More information on the VA’s long-term care services and how to apply for them is available on the VA website.
Increased VA Pension Benefits for Older Veterans
In addition to VA-provided healthcare services, veterans may be eligible for two programs that can mean a larger pension: Age and Attendance Benefits, and Housebound Benefits.
Age and Attendance Benefits
To qualify for Age and Attendance Benefits, veterans must meet at least one of these requirements:
- They need help with the activities of daily living.
- They are confined to their bed, or spend much of the day in bed, because of illness.
- They are in a nursing home because of a physical or mental disability.
- Their eyesight is severely limited, such as 5/200 or worse vision even with corrective eyeglasses.
These benefits are available to veterans who are confined to their homes most of the time due to a permanent disability.

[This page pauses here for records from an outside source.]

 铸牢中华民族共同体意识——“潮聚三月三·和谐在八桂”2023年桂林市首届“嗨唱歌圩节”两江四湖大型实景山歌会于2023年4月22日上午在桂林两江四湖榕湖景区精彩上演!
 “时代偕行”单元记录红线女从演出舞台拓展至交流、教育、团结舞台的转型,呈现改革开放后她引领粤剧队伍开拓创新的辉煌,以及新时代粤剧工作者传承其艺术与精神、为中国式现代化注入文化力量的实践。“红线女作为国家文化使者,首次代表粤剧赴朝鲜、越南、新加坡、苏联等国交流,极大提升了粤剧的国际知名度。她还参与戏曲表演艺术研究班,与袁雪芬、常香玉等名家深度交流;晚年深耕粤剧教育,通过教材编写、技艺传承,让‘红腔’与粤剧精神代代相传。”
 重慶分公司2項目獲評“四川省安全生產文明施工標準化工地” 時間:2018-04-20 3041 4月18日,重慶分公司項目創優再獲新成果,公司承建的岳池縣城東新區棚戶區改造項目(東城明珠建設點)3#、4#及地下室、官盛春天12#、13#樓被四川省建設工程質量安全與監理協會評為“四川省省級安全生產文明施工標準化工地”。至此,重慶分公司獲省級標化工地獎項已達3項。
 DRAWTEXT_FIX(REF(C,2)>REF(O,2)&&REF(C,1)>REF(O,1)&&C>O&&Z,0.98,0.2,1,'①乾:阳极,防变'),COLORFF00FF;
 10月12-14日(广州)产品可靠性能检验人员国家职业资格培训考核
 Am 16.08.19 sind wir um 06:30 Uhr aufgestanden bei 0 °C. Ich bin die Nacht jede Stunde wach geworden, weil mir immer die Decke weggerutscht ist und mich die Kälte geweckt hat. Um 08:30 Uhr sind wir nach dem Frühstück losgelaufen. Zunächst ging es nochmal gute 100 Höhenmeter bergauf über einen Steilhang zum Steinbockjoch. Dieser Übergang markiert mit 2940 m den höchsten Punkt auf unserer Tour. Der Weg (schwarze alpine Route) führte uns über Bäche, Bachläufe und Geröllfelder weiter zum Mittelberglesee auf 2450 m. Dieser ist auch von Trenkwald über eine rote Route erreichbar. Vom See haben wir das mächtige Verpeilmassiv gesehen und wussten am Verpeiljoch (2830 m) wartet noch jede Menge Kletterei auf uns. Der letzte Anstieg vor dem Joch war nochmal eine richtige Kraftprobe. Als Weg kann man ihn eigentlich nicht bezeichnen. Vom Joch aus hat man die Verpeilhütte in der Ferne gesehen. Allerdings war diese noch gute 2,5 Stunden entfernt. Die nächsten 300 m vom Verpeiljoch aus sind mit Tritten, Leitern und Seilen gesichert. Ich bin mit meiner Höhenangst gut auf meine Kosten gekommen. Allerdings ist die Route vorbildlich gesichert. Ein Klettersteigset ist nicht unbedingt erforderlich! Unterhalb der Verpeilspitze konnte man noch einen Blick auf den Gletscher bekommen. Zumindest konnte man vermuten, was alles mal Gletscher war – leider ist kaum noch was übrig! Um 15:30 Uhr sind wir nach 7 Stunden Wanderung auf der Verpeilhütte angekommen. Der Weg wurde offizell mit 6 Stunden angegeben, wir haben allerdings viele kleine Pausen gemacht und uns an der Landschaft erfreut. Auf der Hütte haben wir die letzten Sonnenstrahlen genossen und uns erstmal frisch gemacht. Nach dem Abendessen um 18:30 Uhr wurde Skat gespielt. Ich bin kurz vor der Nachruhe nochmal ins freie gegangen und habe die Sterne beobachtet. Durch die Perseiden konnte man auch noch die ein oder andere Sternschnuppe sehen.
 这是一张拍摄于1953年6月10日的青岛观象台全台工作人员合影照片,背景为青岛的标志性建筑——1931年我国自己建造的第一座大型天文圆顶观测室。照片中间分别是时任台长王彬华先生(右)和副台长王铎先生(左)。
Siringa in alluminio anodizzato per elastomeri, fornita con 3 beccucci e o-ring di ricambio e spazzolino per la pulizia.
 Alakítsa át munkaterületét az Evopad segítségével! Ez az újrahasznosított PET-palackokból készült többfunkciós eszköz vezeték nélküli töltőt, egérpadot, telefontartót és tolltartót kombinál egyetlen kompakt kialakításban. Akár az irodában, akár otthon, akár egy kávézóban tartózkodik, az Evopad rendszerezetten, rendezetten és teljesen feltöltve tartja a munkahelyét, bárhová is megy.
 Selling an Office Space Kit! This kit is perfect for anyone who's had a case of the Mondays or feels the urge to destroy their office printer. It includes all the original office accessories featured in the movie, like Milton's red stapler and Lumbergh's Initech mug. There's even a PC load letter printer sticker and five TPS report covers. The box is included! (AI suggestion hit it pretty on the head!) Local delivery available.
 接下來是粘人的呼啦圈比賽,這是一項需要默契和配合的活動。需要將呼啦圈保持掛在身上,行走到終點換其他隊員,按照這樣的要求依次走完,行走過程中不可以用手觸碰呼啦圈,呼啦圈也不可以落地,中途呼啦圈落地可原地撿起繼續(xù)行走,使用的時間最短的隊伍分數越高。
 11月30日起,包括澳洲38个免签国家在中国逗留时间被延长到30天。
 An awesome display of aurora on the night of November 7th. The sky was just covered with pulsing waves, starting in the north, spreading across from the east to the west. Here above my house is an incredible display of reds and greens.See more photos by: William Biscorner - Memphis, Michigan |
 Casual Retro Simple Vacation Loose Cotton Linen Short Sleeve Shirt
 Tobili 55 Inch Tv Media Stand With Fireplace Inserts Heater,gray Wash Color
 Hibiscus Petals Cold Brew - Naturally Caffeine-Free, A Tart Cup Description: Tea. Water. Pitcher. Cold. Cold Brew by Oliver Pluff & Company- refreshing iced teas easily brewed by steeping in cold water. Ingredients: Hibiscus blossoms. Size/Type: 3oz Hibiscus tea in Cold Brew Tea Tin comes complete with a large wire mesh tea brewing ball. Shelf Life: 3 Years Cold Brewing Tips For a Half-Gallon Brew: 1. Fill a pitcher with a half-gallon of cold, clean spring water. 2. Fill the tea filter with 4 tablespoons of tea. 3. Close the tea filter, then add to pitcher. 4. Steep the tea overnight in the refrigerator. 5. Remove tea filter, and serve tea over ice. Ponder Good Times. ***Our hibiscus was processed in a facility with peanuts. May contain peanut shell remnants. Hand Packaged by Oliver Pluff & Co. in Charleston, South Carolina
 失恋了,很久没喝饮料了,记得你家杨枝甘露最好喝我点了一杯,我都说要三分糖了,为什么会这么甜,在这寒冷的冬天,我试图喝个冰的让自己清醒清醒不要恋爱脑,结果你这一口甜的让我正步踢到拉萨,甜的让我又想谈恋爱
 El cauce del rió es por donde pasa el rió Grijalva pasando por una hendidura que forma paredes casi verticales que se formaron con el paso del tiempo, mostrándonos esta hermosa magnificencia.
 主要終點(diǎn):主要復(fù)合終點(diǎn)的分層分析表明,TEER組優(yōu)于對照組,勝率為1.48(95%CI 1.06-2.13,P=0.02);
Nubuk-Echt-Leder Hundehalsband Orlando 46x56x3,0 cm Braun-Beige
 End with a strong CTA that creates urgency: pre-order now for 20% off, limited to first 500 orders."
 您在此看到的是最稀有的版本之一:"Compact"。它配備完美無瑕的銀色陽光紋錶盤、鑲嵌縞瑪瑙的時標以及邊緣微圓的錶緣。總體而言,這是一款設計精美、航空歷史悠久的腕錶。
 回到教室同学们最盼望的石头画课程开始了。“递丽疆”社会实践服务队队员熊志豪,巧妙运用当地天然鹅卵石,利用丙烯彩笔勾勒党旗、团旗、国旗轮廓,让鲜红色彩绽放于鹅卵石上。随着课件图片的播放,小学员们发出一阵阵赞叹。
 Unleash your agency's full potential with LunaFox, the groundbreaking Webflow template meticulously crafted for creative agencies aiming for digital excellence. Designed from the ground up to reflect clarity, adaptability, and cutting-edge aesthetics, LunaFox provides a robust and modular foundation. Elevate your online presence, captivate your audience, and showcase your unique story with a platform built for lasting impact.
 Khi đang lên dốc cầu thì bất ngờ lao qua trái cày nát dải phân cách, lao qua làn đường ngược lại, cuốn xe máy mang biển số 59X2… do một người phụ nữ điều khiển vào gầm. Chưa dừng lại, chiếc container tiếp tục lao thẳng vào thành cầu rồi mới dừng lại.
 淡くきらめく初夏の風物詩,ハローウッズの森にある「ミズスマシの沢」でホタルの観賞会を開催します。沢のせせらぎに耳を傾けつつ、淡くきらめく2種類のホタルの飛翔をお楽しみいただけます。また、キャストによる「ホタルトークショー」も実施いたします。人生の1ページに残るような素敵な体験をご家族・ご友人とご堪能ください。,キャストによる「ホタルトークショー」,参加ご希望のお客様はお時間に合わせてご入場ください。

Veterans can apply for either Age and Attendance Benefits or Housebound Benefits but cannot collect both at the same time.
As with other VA pension programs, veterans must meet certain income and asset limits to qualify. The amount that they can receive will depend on how many dependents they have and other factors. It is also adjusted annually to account for inflation.
For example, in 2021, a veteran with one dependent spouse or child who only qualified for normal benefits would be eligible for a maximum of $18,243. If they were eligible for Housebound Benefits, they could receive up to $21,337 in total, while if they were eligible for Age and Attendance Benefits, they could receive up to $27,549.
These programs also have income and asset limits for eligibility. More information and application forms are available on the VA website.
Benefits for Surviving Spouses
Surviving spouses of wartime veterans, as well as their unmarried dependent children, may be eligible for a VA Survivors Pension.
They may also be eligible for Aid and Attendance or Housebound benefits, as described above.
As an example, in 2021, an eligible surviving spouse with no eligible dependent children who only qualified for normal survivor pension benefits would be eligible for a maximum of $9,344. If they were eligible for Housebound Benefits, they could receive up to $14,300 in total, while if they were eligible for Age and Attendance Benefits, they could receive up to $17,815.
This program also has income and asset limits for eligibility. Information on these and other benefits for spouses, dependents, survivors, and family caregivers is available on the Family Member Benefits section of the VA website.
End-of-Life Benefits for Veterans
Finally, the VA also provides funeral and burial benefits for veterans. Currently, the maximum for non-service-related deaths is $796 for burial and funeral expenses if the veteran was hospitalized by the VA at the time of death. For those who were not VA-hospitalized, the maximum is $300 for burial and funeral expenses. The VA also provides a $796 plot interment allowance if the veteran is not buried in a VA national cemetery.
More information on eligibility and applying for these benefits is available on the VA website.